One way of making a compiler portable to different host platforms is to make it compile to a processor-independent (or mainly processor independent) low-level language.

GCC, perhaps the most widespread compiler of them all, uses this approach: it produces mainly processor-independent "RTL" (register transfer language), which is close to assembly language in general, but not aligned to any particular processor's implementation thereof. I say mainly processor-independent since earlier stages in the compiler do access target details and produce different RTL for different targets.

This is OK, but it does have a downside: you can't compile to RTL once and distribute the RTL to lots of people and have them then finish the compilation on their end machine. This would be handy for a few things, such as small target devices where the room consumed by the GCC front end stages would be sorely missed (and the time taken to run them sorely missed, too). And it complicates the bootstrap process a bit.

On the other hand, another widespread example is the Java virtual machine, which is highly standardised. A java compiler outputs .class files full of JVM code, and then the java runtime compiles them upon loading, or just interprets them. The runtime is the only platform-dependent part.

Now, there are some disadvantages to this approach; sometimes, the earlier stages of compilation can benefit from knowing a thing or two about the final architecture. In general, it's easier to optimise when you're going straight from a high level language to assembly language, with every step along the way customised for the source language and host architecture.

However, this is a matter of choosing your intermediate language carefully, so that it's at the best intermediate point between being too tied to a particular model of high level language and being too tied to a particular model of assembly language, so that the most variety of each can be efficiently accommodated.

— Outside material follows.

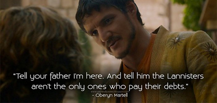 11. Tell your father I’m here. Tell him the Lannisters aren’t the only ones who pay their debts. -Oberyn Martell

And there can be get-outs - if one includes some level of macro system in the intermediate language, then the front-end compiler can, in cases where it would like to know something about the target platform, produce code for several different options (usually there's only two or three choices), wrapped in appropriate conditionals so that only the appropriate one is finally used.

One thing that really helps is making the intermediate language be more like a script that is run to generate assembly language with a library of generic code generation primitives (plus optional ones that not all platforms can or will implement, etc). Then the front end can emit scripts that make complex decisions at final code generation time. FORTH is like this, and the model can be abstracted away from the stack nature of FORTH and used for other systems (although I've not seen this done yet).

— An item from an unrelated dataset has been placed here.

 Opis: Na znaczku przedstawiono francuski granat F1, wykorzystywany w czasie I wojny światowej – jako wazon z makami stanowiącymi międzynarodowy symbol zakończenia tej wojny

Now, when designing an intermediate language, you tend to need to define an abstract model of the processor, which different physical processors can be instances of. For example, FORTH considers the CPU as a pair of stacks, an instruction pointer register, and a mechanism that executes a few basic types of instructions (literal pushes, calls to user-defined words, calls to native core words, conditional jumps, etc) in sequence. The JVM is something similar. The Parrot virtual machine, the Tao Virtual Processor, and GCC's RTL all consider the processor to be a bunch of registers (either a fixed number, or an arbitrary pool), along with instructions that take their arguments from nominated registers and put the results into nominated registers.

Either way, the implementation in terms of a specific CPU faces two main challenges.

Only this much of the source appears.